The task: Copy verbatim the span of lines beginning at the line that contains "Damit Roller-Interessenten beim" and ending with the final line of the data. Exclude pictures from the copy.

Information supplied:
-- Opening Marker --
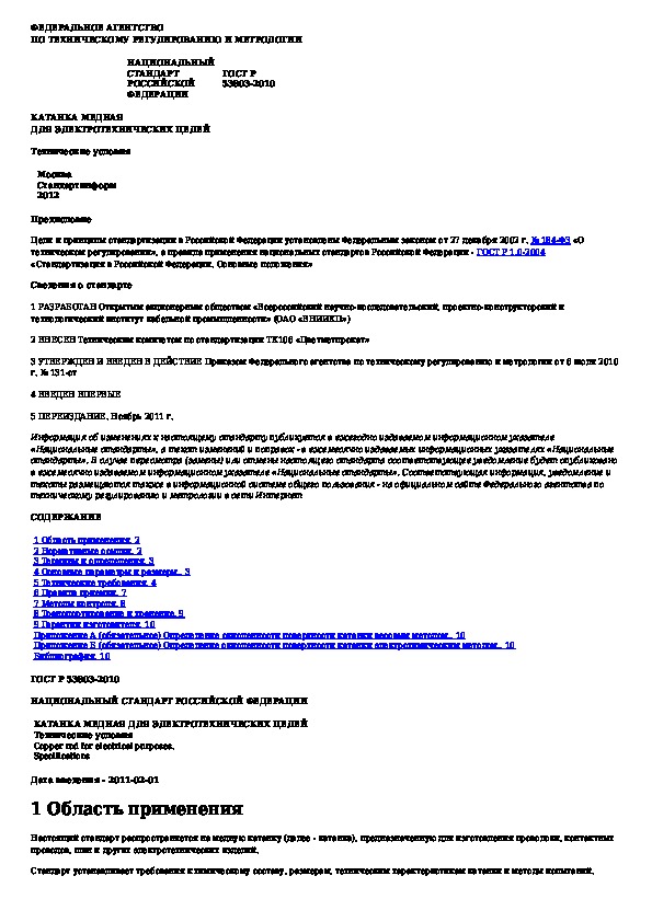 Наша цель состоит в том, чтобы предоставить вам быстрый доступ к содержанию документа Катанка медная для электротехнических целей. Технические условия.
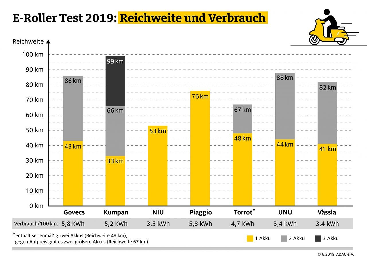 Damit Roller-Interessenten beim Kauf keine bösen Überraschungen erleben, hat der ADAC die wichtigsten Tipps zusammengestellt: Die besten Roller punkten mit großer Reichweite, geringem Stromverbrauch und kurzer Ladedauer. Die Reichweite von Elektroroller-Akkus reicht in der Regel für Stadtfahrten. Für längere Überlandtouren hingegen sind sie nicht geeignet. Ideal ist ein herausnehmbarer Akku, den fünf der sieben getesteten Modelle anbieten, weil sich dieser in den eigenen vier Wänden aufladen lässt und im Winter vor niedrigen Temperaturen geschützt werden kann. Auch ein modulares Akkusystem ist von Vorteil. Der Kumpan lässt sich auf maximal drei herausnehmbare Akkus aufrüsten, die Konkurrenten Torrot, Vässla und unu immerhin auf bis zu zwei.
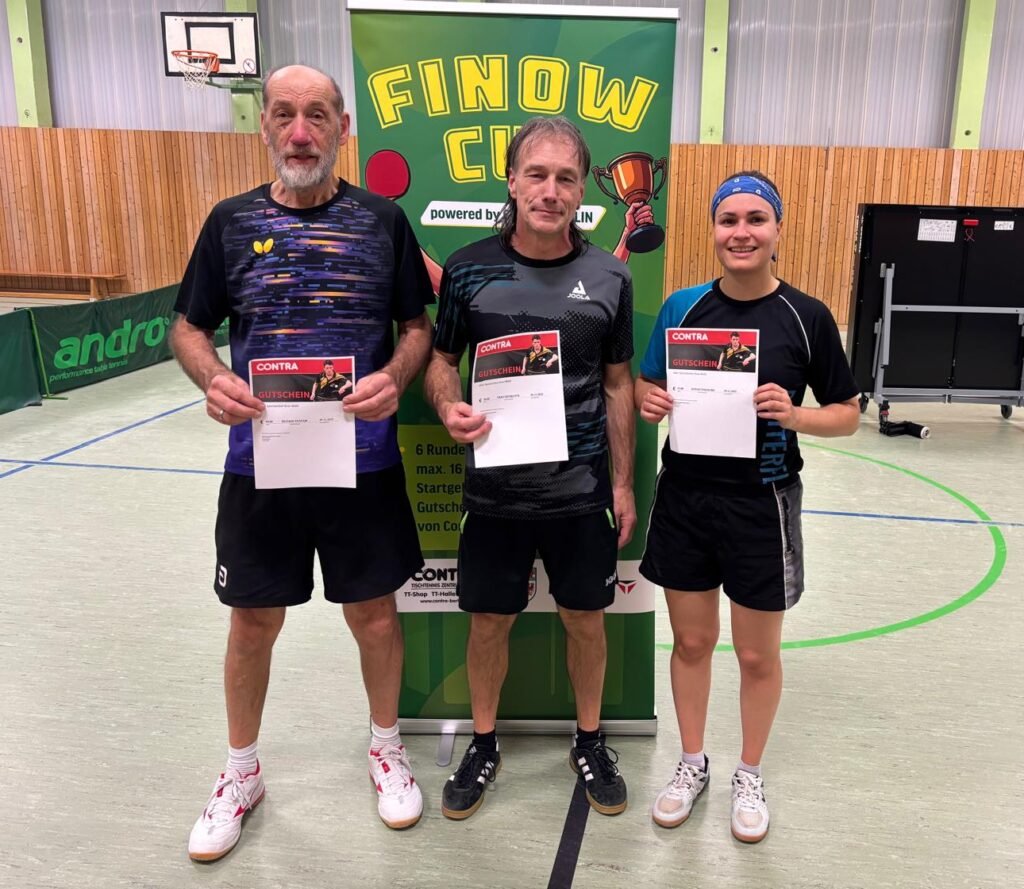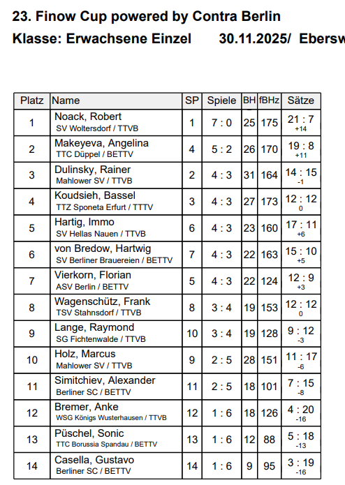 Beim 23. Finow Cup war Dauerbrenner Robert Noack ganz vorn. Der Woltersdorfer gewann ohne Spielverlust das diesmal recht schwach besetzte Turnier. Über den 2. Platz freute sich im ausgeglichenen Feld Angelina Makeyeva vom TTC Düppel. Den 2. Podestplatz erspielte sich Rainer Dulinsky mit Platz 3.
-- Closing Marker --
Task result:
 Damit Roller-Interessenten beim Kauf keine bösen Überraschungen erleben, hat der ADAC die wichtigsten Tipps zusammengestellt: Die besten Roller punkten mit großer Reichweite, geringem Stromverbrauch und kurzer Ladedauer. Die Reichweite von Elektroroller-Akkus reicht in der Regel für Stadtfahrten. Für längere Überlandtouren hingegen sind sie nicht geeignet. Ideal ist ein herausnehmbarer Akku, den fünf der sieben getesteten Modelle anbieten, weil sich dieser in den eigenen vier Wänden aufladen lässt und im Winter vor niedrigen Temperaturen geschützt werden kann. Auch ein modulares Akkusystem ist von Vorteil. Der Kumpan lässt sich auf maximal drei herausnehmbare Akkus aufrüsten, die Konkurrenten Torrot, Vässla und unu immerhin auf bis zu zwei.
 Beim 23. Finow Cup war Dauerbrenner Robert Noack ganz vorn. Der Woltersdorfer gewann ohne Spielverlust das diesmal recht schwach besetzte Turnier. Über den 2. Platz freute sich im ausgeglichenen Feld Angelina Makeyeva vom TTC Düppel. Den 2. Podestplatz erspielte sich Rainer Dulinsky mit Platz 3.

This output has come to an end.